Monday, November 20, 2006

Turkey Day Recipe

This recipe appeared in the Sunday 11/19 Milwaukee Journal/Sentinel. I have not tried it but I plan on making it for Thursday since I am in charge of the sweet potatoes. It sounds yummy!

Roasted Sweet Potatoes with Cinnamon Pecan Crunch

1/2 c. firmly packed brown sugar (divided)
2 TBL orange juice
2 tsp. vanilla extract
1 1/2 tsp Saigon ground cinnamon (divided)
1/2 tsp salt
3 pounds sweet potatoes, peeled and cut into 1-inch chunks
1 c. dried cranberries
4 TBL (1/2 stick) butter divided
1/4 c. flour
1 c. chopped pecans

Preheat oven to 400.
In large bowl, mix 1/4 c of brown sugar, the OJ, vanilla, 1 tsp of cinnmaon and the salt. Add sweet pots and cranberries; toss to coat well.
Spoon into 13 by 9 inch baking dish. Dot with 2 TBL butter. Cover with foil and bake for 30 mins.
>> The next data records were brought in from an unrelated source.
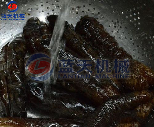 第二步:清洗海參:海參較難清洗干凈,所以取出內臟后,將海參反復清洗干凈,一般清洗5次至干凈止。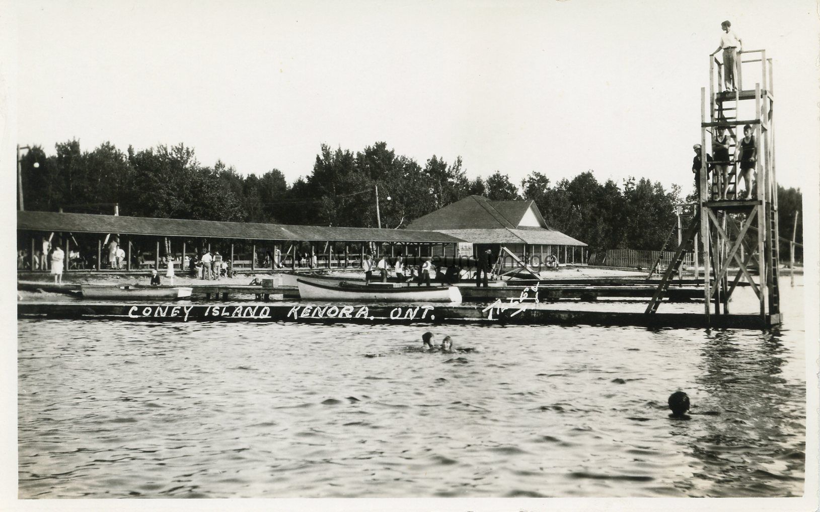 This Black and White postcard is of Coney Island Kenora, Ontario. The image shows a boathouse, and water. There are children playing in the lake and swimming. In the right side of the picture you can see children climbing up onto a diving board to jump off into the water.
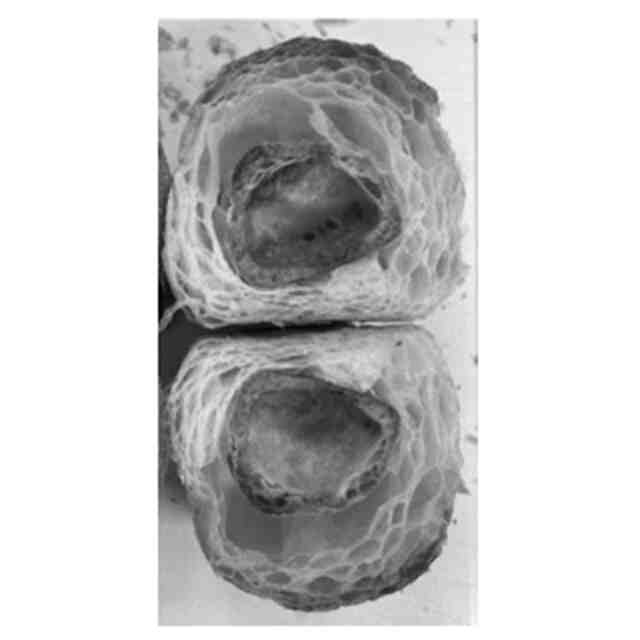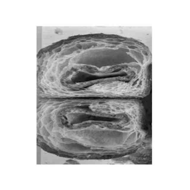 図2は、試験例1-1の、水分含量が10質量%の焼成済みシューケースを用いたベーカリー食品を中央部分で2つに切断した際の、それぞれの断面を示した図である。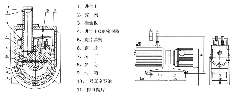 (2)如果直聯(lián)旋片真空泵對真空度要求不高,且油的污染更換頻繁,直聯(lián)真空泵油供應(yīng)困難,可采用50號機(jī)械油代替。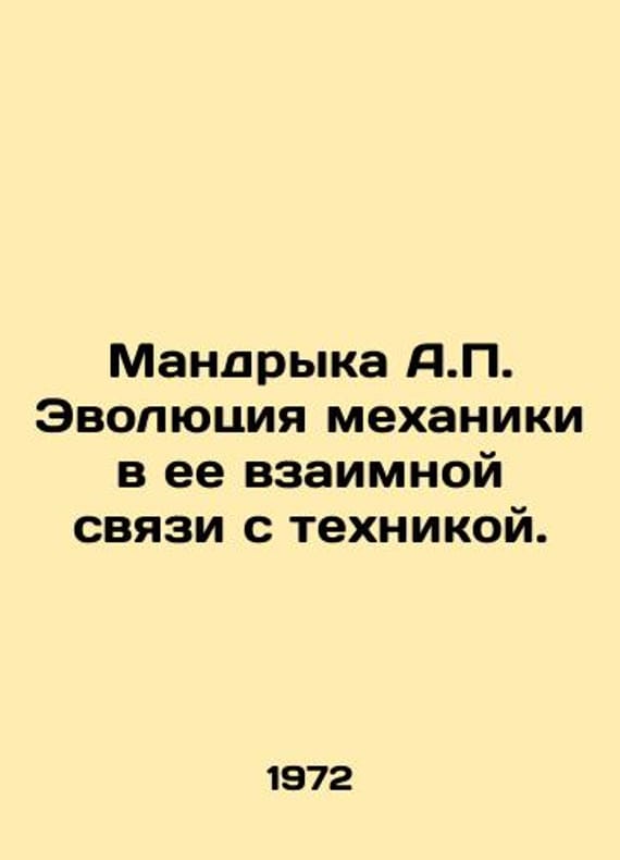 Mandryka A. The evolution of mechanics in its relationship to technology. In Russian /Mandryka A. Evolyutsiya mekhaniki v ee vzaimnoy svyazi s tekhnikoy.Leningrad Science 1972.We have thousands of titles and often several copies of each title may be available. Please feel free to contact us for a detailed description of the copies available. SKUalb444705609e9266bf.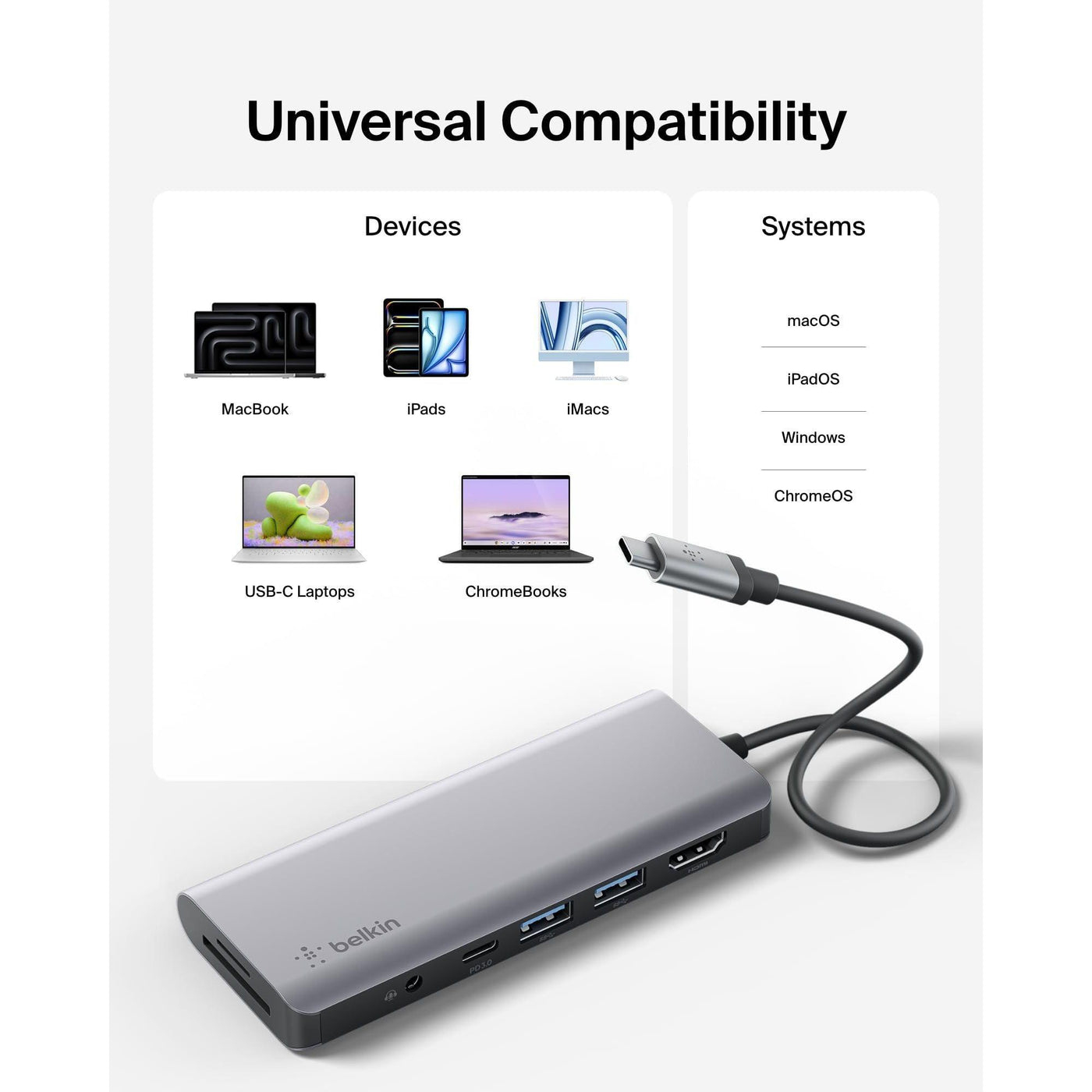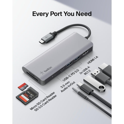 Details: Introducing the Belkin 7-in-1 MultiPort Docking Station - the ultimate docking solution for your Mac or Windows laptop. It has 7 ports to connect your MacBook or Windows laptop to multiple devices, providing video, ethernet, and power through a single USB-C Power Delivery 3.0 cable. Get up to 5Gbps data transfer speeds, keeping all of your devices connected together with the speed and power of USB 3.0. With pass-through charging up to 85W using Power Delivery, there’s no need to choose between port expansion and power. Immerse yourself in a smoother and clearer visual experience with up to 4k resolutions at 30Hz. The 7-in-1 MultiPort Docking Station expands the multimedia ports that have been eliminated in the latest Apple and PC laptops and connect to projectors, monitors, SD and MicroSD cards, headphones, microphones, and thumb drives.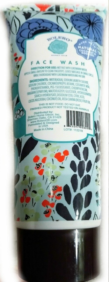 ( LOT 3 ) Bolero.B.Hills Coconut & Rose Oil Face Wash 5 Oz Each NEW SEALED TUBES
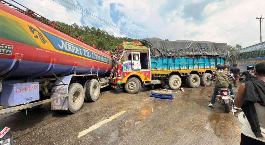 चितवनबाट वीरगन्जका लागि आउँदै गरेको ना ६ ख २११९ नम्बरको यात्रुवाहक बसको चालक साइडको टाएर पडकेर अनियन्त्रित भई हेटौँडाबाट चितवनतर्फ जाँदैगरेको ना ६ ख ८१८० नम्बरको मालवाहक ट्रकसँग ठक्कर खाएको थियो । ट्रक अनियन्त्रित भई काठमाडौँबाट बाराका लागि आउँदैगरेको ना ७ ख १७७४ नम्बरको तेल बोक्ने खाली ट्याङ्करलाई ठक्कर दिँदा दुर्घटना भएको हो ।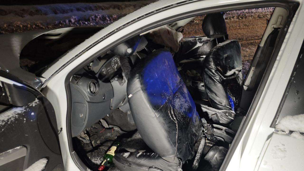 В салоне под рулевой колонкой обнаружена бутылка из-под крепкого алкоголя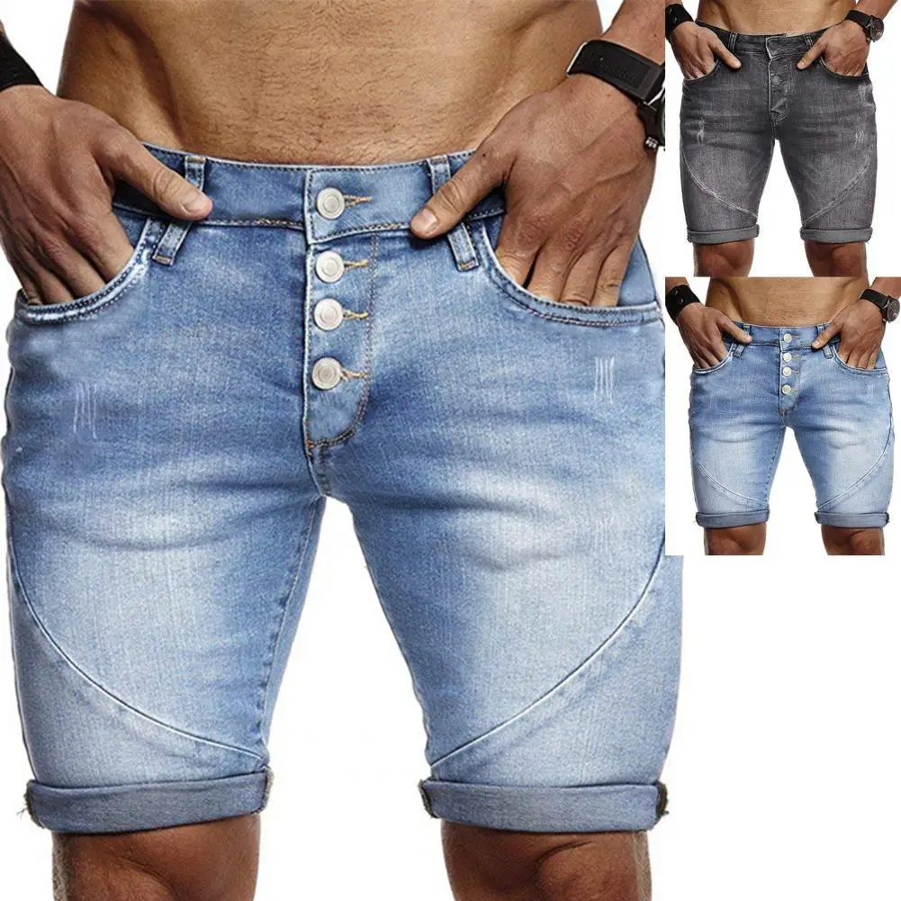 Мужские облегающие джинсовые шорты, хлопковые эластичные винтажные шорты из денима, серые и синие короткие брюки, Мужская одежда, Новинка лета 2020

In a small bowl, mix flour, remaining 1/4 c. brown sugar, and remaining 1/2 tsp. cinnamon. Cut in remaining 2 Tbl. butter with a fork until coarse crumbs form. Stir in pecans. Remove potatoes from oven and stir gently. Sprinkle with pecan topping.
Bake uncovered 25-30 mins. longer or until sweet potatoes are tender and topping is lightly browned.